In earlier times, they drove their trucks as far down the line as a road would permit. After that, their only recourse was to start wearing out some more shoe leather, climbing over fences, crossing creeks, cutting makeshift paths through underbrush and tree stands—walking out the length of a seemingly endless circuit to find the source of a power outage.
Back then, even as it sometimes is nowadays, finding the reason for a power fault often took more time than it did to repair one.
United linemen and line crews occasionally still have to scramble cross-country today to find and repair high-voltage power line connections, but the cooperative’s proficiency in both detecting faults and predicting their probable location across the more than 10,000 miles of service distribution line United maintains has greatly excelled.
The cooperative’s technological advances in fault detection have been a key component in maximizing service reliability, and that is important when responding to myriad outage causes, most of which are out of United’s control. Varying degrees of weather-related events, trees, collisions, mechanical/equipment failure, as well as other factors annually contribute to the scope of power losses across United’s service territory. Since 2012, for example, the co-op has responded to an average of more than 2,000 outages per year, and most of them have been attributed to weather and vegetation.
Coupled with computer and software systems like United’s outage management system (OMS), supervisory control and data acquisition (SCADA) and advanced metering infrastructure that enable the co-op to efficiently track outages and reduce outage downtimes, United’s new fault detection technology arms co-op dispatch teams with an additional diagnostic tool.
At the core of a modern outage management system like United’s is a detailed network model of the co-op’s entire distribution system. The model is specific to GPS coordinates that are assigned to poles, transformers, and other mechanical and material features throughout United’s service territory. The location of outage calls from members is integrated with system modeling to predict more specific outage locations.
Collectively, the different systems can, as noted earlier, predict which transformer, fuse or breaker opened upon failure, and whether a fault might be downstream or upstream of the device. But as good as these processes are, the systems can’t identify the cause or exactly where the problem is—only that a line opened at one of those points. Yet even with those limitations, the applications still work in tandem to help United prioritize restoration efforts with consideration for affected emergency facilities, the size of outages and the number of members impacted.
Michael Lattner, United electrical engineer, P.E., first began to test the accuracy of the new fault location system in 2009. Following that success, the advanced diagnostic tool was fully deployed in 2011 as another valuable dispatch center resource.
Lattner said that while the collaborative systems are not perfect, they have saved a great amount of hide-and-seek time for United’s dispatch center and operations employees.
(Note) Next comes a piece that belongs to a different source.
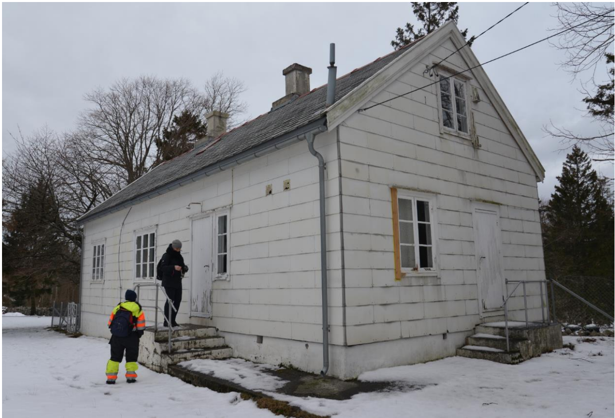
Assistentboligen sett fra det nyeste fyret.

As a case in point, the program had earlier that day alerted dispatchers of a momentary blink caused at the site of a lightning arrester.
“That fault prediction was accurate to within the same span of line the arrester was located on,” he said. “Technically, the fault didn’t create an outage, and we were basically able to make the repair without incident. Had we not been able to utilize the program in that instance, our linemen would have had to investigate the cause from span-to-span on a stretch of line that was five miles long.
“There have been plenty of other instances where a fault prediction was given on a circuit that might extend 12 miles or more, and the prediction was precise enough to fall within two to three spans of line,” he said. “On occasions like that, the predictive software cut hours off the search for the problem and sped up the restoration process.”
Lattner said fault detection is just another one of the many tools the cooperative uses to enhance responsiveness to power outages, and predictions are often refined while operations crews are en route to an outage site.
Unless an outage is caused by a high-impedance fault (more often than not due to line contact from a tree or vegetation), Lattner said fault predictions are becoming more accurate all the time.
“We already have SCADA automation in our devices because we need to know when they open and break a circuit. So, the additional software we now employ to make fault predictions is huge. The benefit—cost ratio is huge. For something that utilizes tools that we already have in place, the time-saving advantages are amazing,” he said. So, the benefit to cost ratio for the advanced software we now employ to make fault predictions is huge, and the time-saving advantages are amazing,” he said.
“Another asset we are beginning to deploy are low-cost fault indicators that are attached to power lines and that connect with our SCADA system via cellular communication technology,” Lattner added. “These devices will further our capability for identifying and isolating the location of the fault, whether up or down line from the transmitters.”
But despite his overwhelming confidence that all those measures do enhance United’s system reliability and the cooperative’s responsiveness to outages, Lattner alluded to an assessment held by most industry professionals—that finding a dependable, acceptable and lasting method for keeping trees out of power lines along utility rights-of-ways would be a game-changer for any electric service provider and the consumers it serves.
His candid appraisal was timely enough because, as is the case with many other facets of the cooperative’s operations, United is working now to develop a more efficient, more sustainable, method for that essential maintenance process, too.